INSTRUCTIONS FOR THE TASK: In the material below, the lines between the one holding "Waarom verklein je" and the one holding "This brushed nickel", inclusive, are to be set down word for word. Pictures stay out.

RECORDS:
= Beginning of Section =
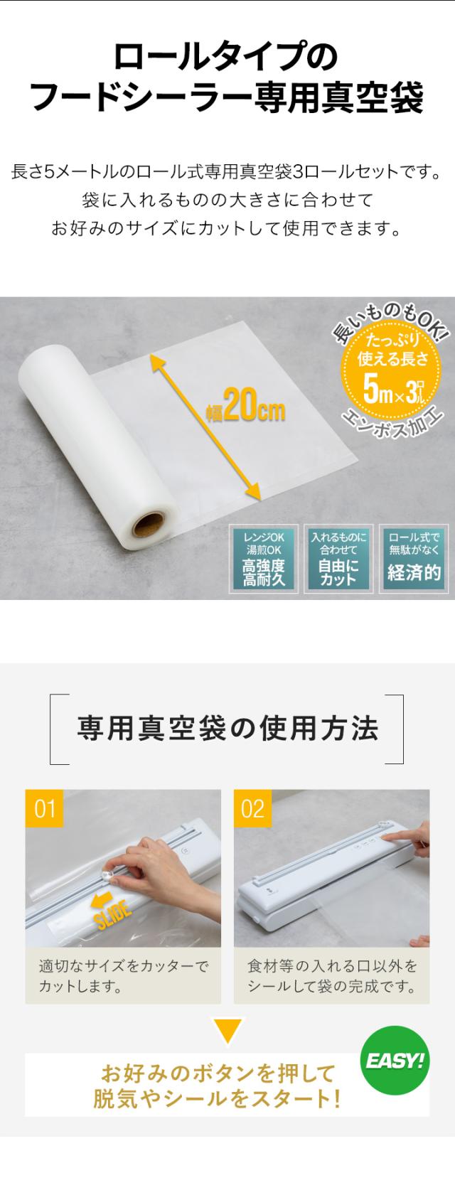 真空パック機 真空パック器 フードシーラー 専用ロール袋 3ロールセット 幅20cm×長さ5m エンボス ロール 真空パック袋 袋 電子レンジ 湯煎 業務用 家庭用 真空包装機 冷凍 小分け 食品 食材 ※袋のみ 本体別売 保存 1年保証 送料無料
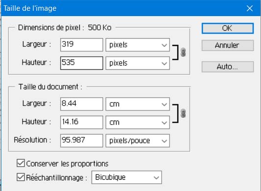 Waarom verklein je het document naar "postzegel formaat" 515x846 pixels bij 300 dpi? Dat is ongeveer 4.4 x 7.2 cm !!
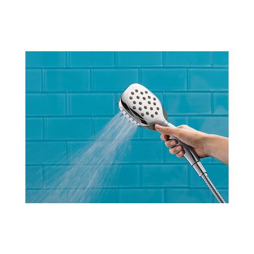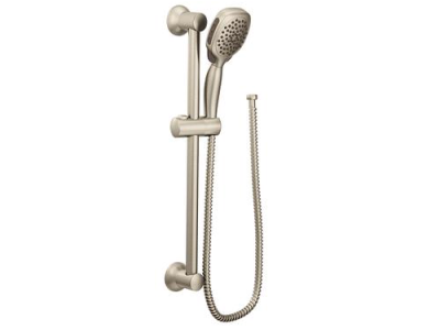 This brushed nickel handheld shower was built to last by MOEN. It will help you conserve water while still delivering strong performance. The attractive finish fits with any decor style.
= End of Section =
= Beginning of Section =
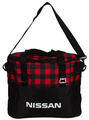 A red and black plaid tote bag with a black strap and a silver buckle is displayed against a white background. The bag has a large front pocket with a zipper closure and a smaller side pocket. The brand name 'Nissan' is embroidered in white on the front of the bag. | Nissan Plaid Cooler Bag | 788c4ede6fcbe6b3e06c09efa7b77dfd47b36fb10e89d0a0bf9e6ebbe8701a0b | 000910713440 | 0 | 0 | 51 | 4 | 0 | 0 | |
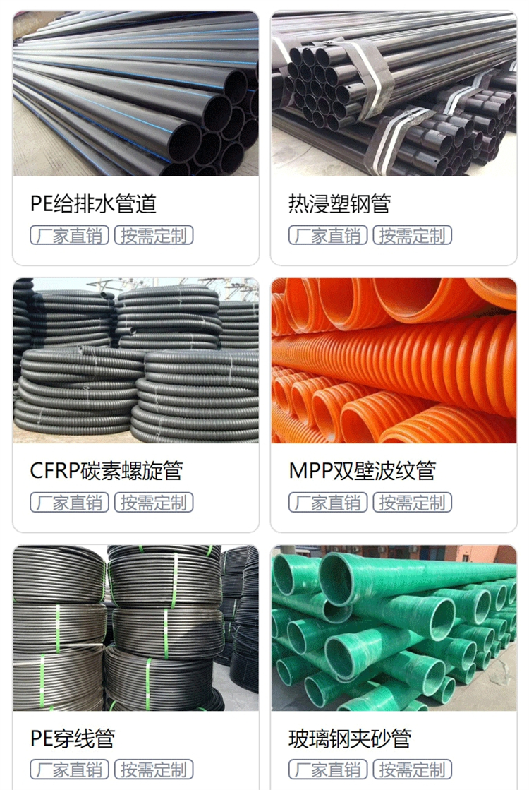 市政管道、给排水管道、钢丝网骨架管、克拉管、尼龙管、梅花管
= End of Section =
= Beginning of Section =
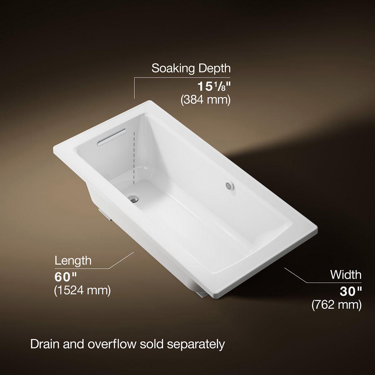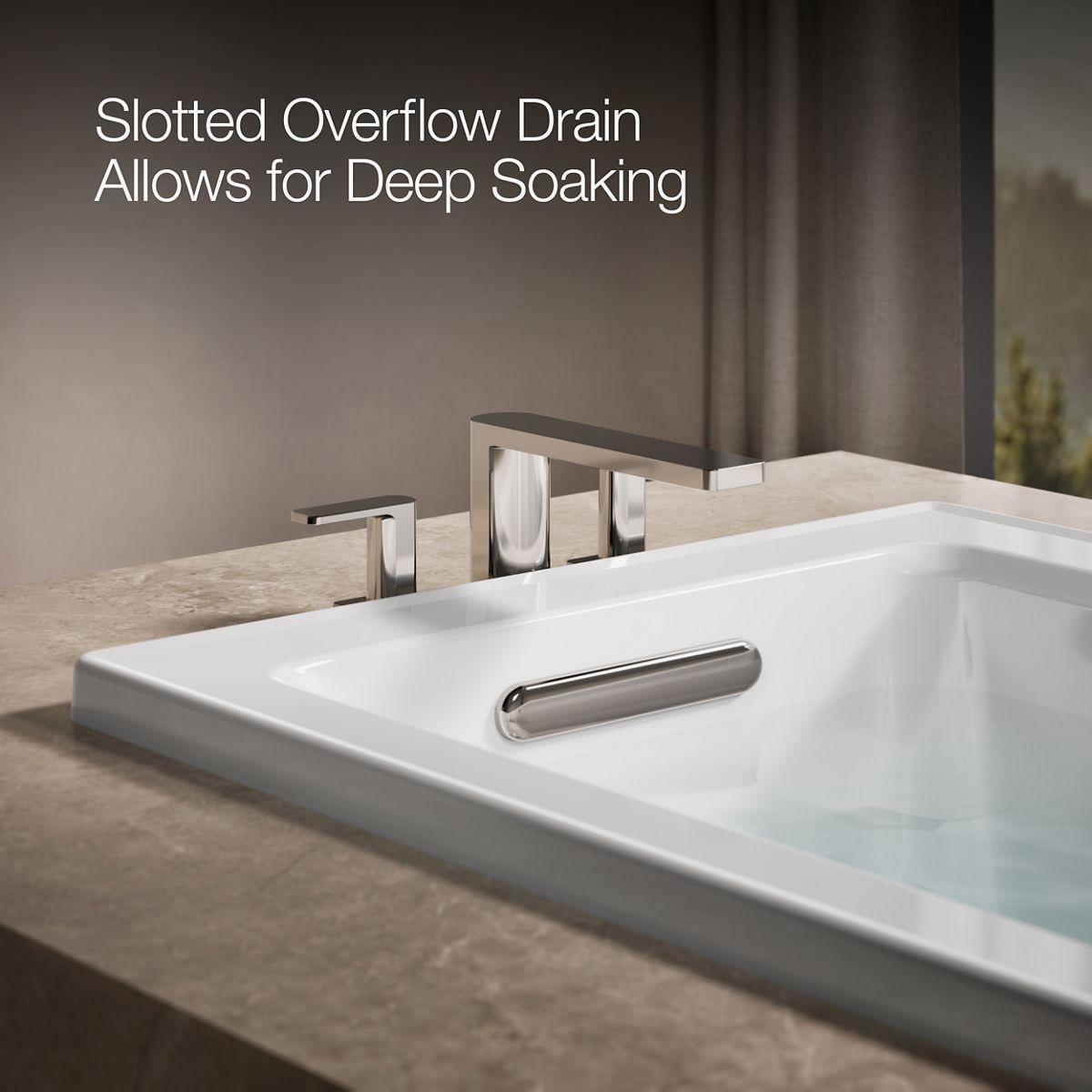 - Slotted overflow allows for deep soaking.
= End of Section =
OUTPUT FOR THIS EXERCISE:
 Waarom verklein je het document naar "postzegel formaat" 515x846 pixels bij 300 dpi? Dat is ongeveer 4.4 x 7.2 cm !!
 This brushed nickel handheld shower was built to last by MOEN. It will help you conserve water while still delivering strong performance. The attractive finish fits with any decor style.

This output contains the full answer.